Implementing Computer Assisted Coding

Conversion to an electronic health record (EHR) has greatly contributed to data quality improvement of health information and has opened the door to countless technological advancement opportunities. Computer assisted coding (CAC) technology has been around for years; however, due to the future ICD-10 implementation, the use of CAC software is starting to increase rapidly. CAC software can be very beneficial to medical care providers if implemented efficiently and specifically built to meet the needs of the facility.

Why Implement CAC?
There are a variety of reasons why facilities are considering CAC implementation. Many are planning to use CAC to ease the transition to ICD-10-CM and ICD-10 PCS. CAC will boost coding productivity, identify documentation deficiencies, and improve code selection accuracy.

The main function of CAC is to use a natural language processing engine (NLP) to identify key terminology and suggest codes for particular treatments or services in the health record. It is sophisticated enough to analyze the context of the key words to determine whether certain diagnoses are pertinent to the visit. Currently, the available CAC products do not have the capability to pull information from handwritten documents. However, it is capable of linking specific documentation to the code selected by the coder from the handwritten documents.

What About Coders?
It is important to emphasize that CAC does not replace human coders. Human coders will review codes assigned by CAC and will make appropriate changes.

Involving coders in the CAC process from the very beginning will alleviate fears. Coders should be involved in all stages of the project. The purpose of CAC implementation and opportunities should be clearly communicated to the coders. It is essential for coders to recognize CAC software as a beneficial tool and resource. Attending vendor demonstrations and assisting in a final vendor selection will increase coders’ confidence in the product.

How Do I Choose a Vendor?
A vendor should be selected after a very thorough review. All questions and concerns should be addressed before finalizing the vendor. It is also recommended to network with other facilities similar to yours to get a better understanding of the product that is being selected. AHIMA’s CAC toolkit provides a great resource along with vendor websites.

Who Should be Involved With the CAC Team?
A project manager should be assigned to make sure the vendor is meeting the facility’s expectations. A timeline should be established and closely monitored by both the project manager and the vendor. Depending on the size of the organization, it might be necessity to assign an IT project manager from HIM. The project manager should work closely with information services team leads/analysts, and the coding manager/supervisor.

How do I Implement CAC?
Defining the project scope will assist in determining complexity and depth of the project. Some facilities prefer to implement CAC by taking a phased approach, whereas others prefer to implement all aspects of the project at go-live. Is your facility technologically advanced? Does the CAC product you are considering offer an encoder? These are some of the questions that have to be evaluated in the beginning stages of CAC implementation.

What Will be Interfaced?
Quality of data is vital when it comes to CAC product. All reports necessary for coding have to be interfaced with CAC. If coders are operating on multiple systems it will add to the complexity of the project. Coders’ workflow has to be evaluated and adjusted to meet the needs of the facility.

What About Testing?
User acceptable testing (UAT) is crucial when it comes to implementing a new system. Extensive testing should be completed to analyze and address concerns prior to the go-live date. UAT covers data quality and validation, end-to-end business processes, comparison of test results and expected results. All finding should be discussed to facilitate issue resolution. Coders should be extensively involved during the final stages of testing.
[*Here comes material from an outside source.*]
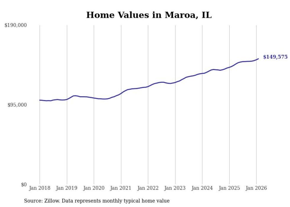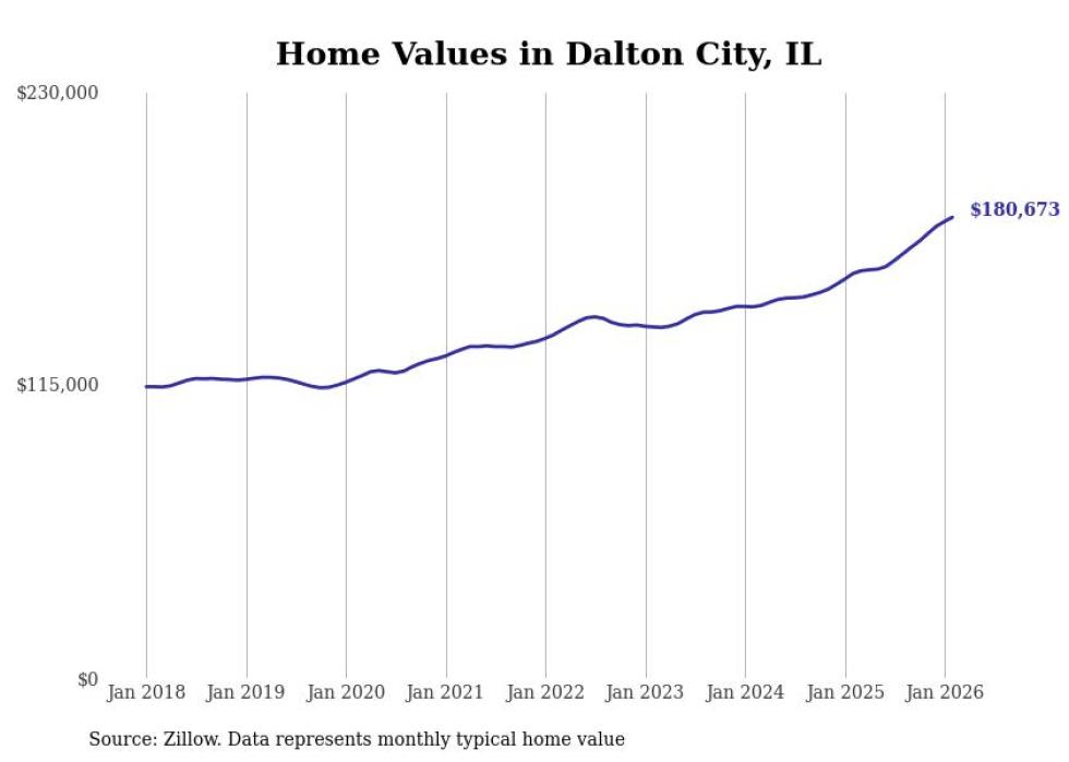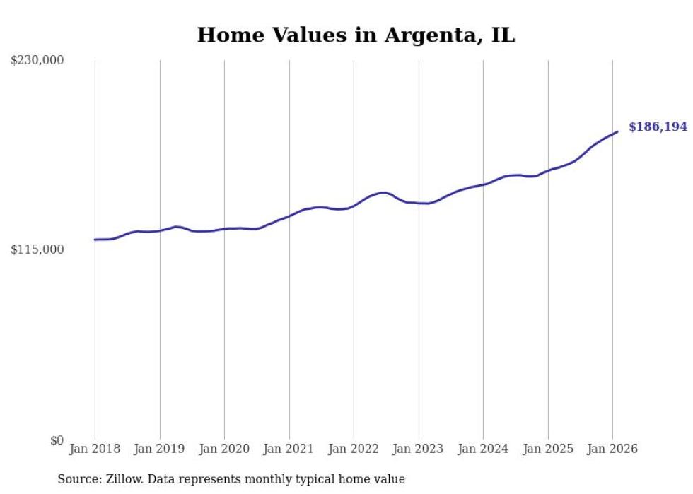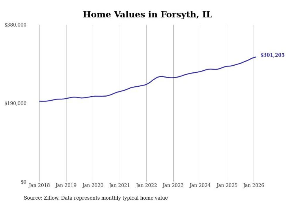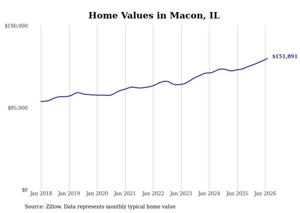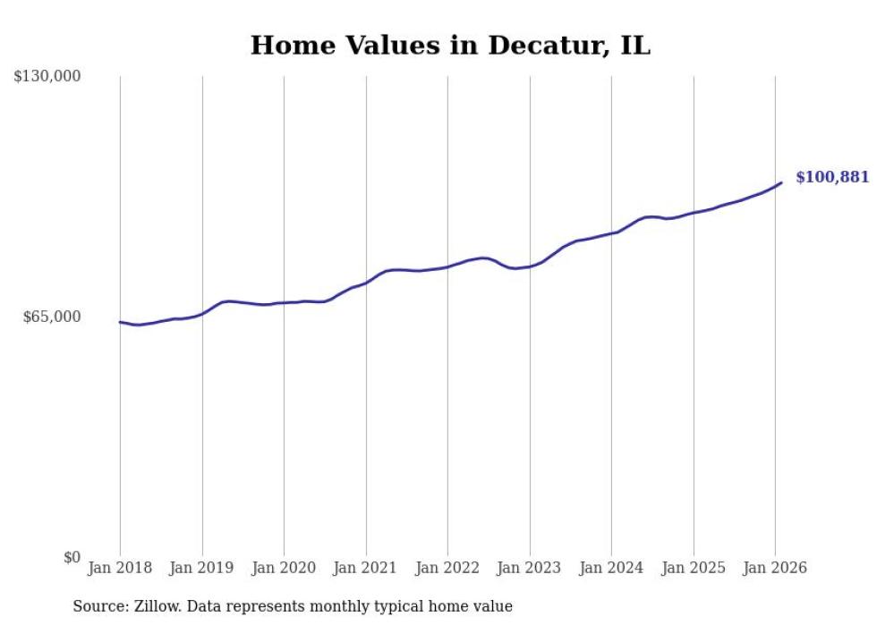 Cities with the fastest-growing home prices in the Decatur, Illinois metro area

In conclusion, studies show that CAC software can improve coding quality and reimbursement. However, it is vital for a facility to build a product that is specific to their organization. The product should be 100% ready for the coders before going live.

Bella Logvinov is employed by University of Florida Health Jacksonville as outpatient coding supervisor where she manages over 15 employees in the outpatient area. She is a member of both the American Health Information Management Association (AHIMA) and the American Academy of Professional Coders (AAPC). Her experience includes 7.7 years of coding inpatient and outpatient records, 5 years of chart reviews and coding auditing, and providing continuing training and education to coders. She has extensive knowledge of outpatient and inpatient coding. Logvinov is an AHIMA Certified ICD-10-CM and PCS Trainer.